De voorlopige hechtenis van EP-leden Eva Kaili en Marc Tarabella, die ervan worden beschuldigd betrokken te zijn bij het geld-voor-gunst-programma dat het Europees Parlement heeft overspoeld, is vrijdag door de Belgische autoriteiten verlengd.
Het Griekse EP-lid Kaili, die begin december werd gearresteerd en gevangengezet, heeft haar detentie met twee maanden laten verlengen, zo maakte het federaal parket vrijdag bekend. Haar Belgische evenknie zal over een maand opnieuw voor rechters verschijnen.
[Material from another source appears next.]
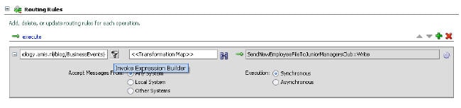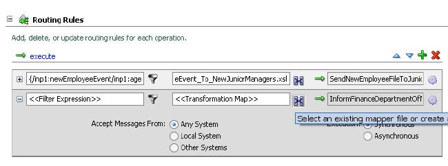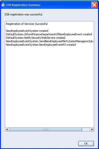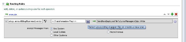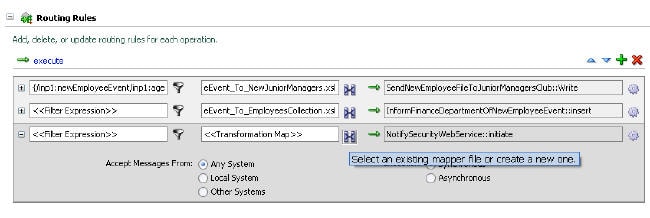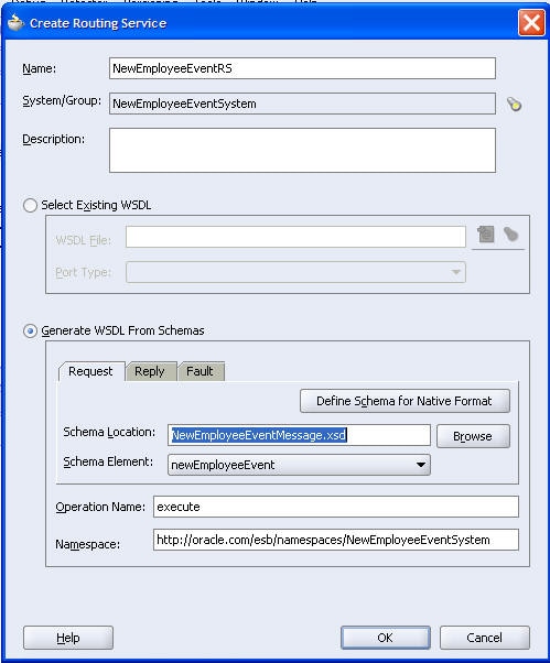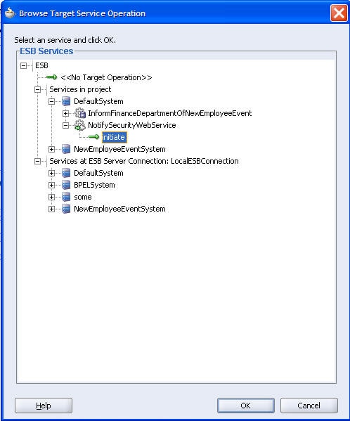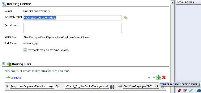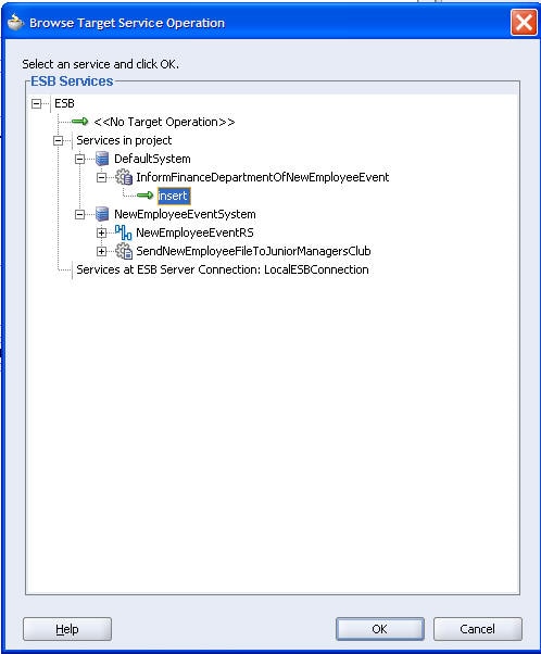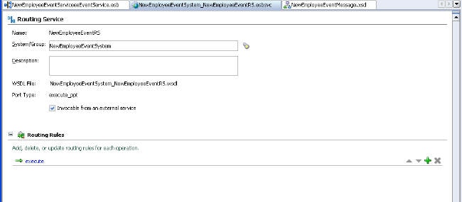 You will allow external processes to directly call into this NewEmployeeEventRS RoutingService through its Web Service interface. When other channels are to be used for publishing this event - for example, by putting a new Employee file on an FTP server, by entering the new employee in a database table, or through JMS - you can add inbound Adapter Services to the ESB Service, which will forward the messages they acquire to the NewEmployeeEventRS. For the moment, assume the HR department will use the Web Service interface.

Beiden zijn beschuldigd van deelname aan een criminele organisatie, corruptie en het witwassen van geld als onderdeel van een onderzoek naar de illegale lobby die Qatar en Marokko zouden hebben gepleegd om de besluitvorming in de EU te beïnvloeden.
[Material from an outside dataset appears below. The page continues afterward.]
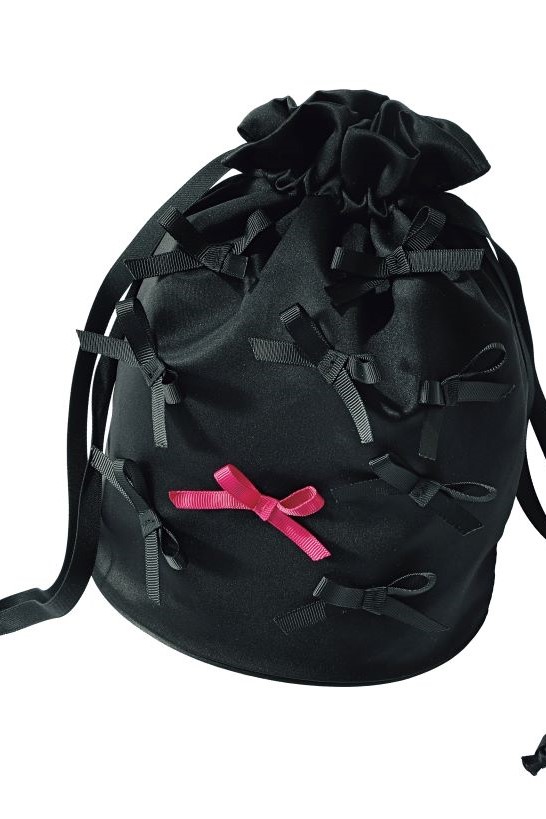 どんなファッションにも合わせやすい黒ベースの巾着バッグ。シックながら見栄えするリボンと自立するフォルムがこだわりのポイントです。

Beide landen hebben de claims heftig ontkend.
Tarabella’s advocaat, Maxim Töller, herhaalde in een verklaring dat zijn cliënt “een onschuldige man” is en hekelde zijn aanhoudende detentie als “moeilijk te accepteren”.
Hij verwelkomde echter “als goed nieuws” de beslissing om hem over te plaatsen “naar een gevangenis dichter bij zijn familie”.
Er was geen woord over Tarabelle’a pogingen om de onderzoeksrechter, Michel Claise, uit de zaak te halen wegens vermeende vooringenomenheid.
Drie andere mensen zijn aangeklaagd als onderdeel van het onderzoek.
Dit zijn onder meer Francesco Giorgi, Kaili’s levenspartner en voormalig parlementair medewerker, die vorige week werd vrijgelaten maar onder elektronisch toezicht werd geplaatst; NGO-directeur Niccolò Figà-Talamanca die vorige maand zonder voorwaarden werd vrijgelaten; en voormalig Europarlementariër Pier Antonio Panzeri.
Panzeri, de voormalige baas van Giorgi en voormalig voorzitter van de parlementaire delegatie voor de betrekkingen met de Maghreb-landen en de subcommissie mensenrechten, heeft erkend een van de leiders van het criminele netwerk te zijn en sloot een deal met de Belgische autoriteiten, maar blijft in de gevangenis.
Het Italiaanse EP-lid Andrea Cozzolino, voor wie Giorgi ook werkte en na Panzeri ook voorzitter was van de delegatie voor de betrekkingen met de Maghreb-landen, wordt intussen gezocht door de Belgische autoriteiten, maar vecht de uitlevering vanuit zijn geboorteland aan.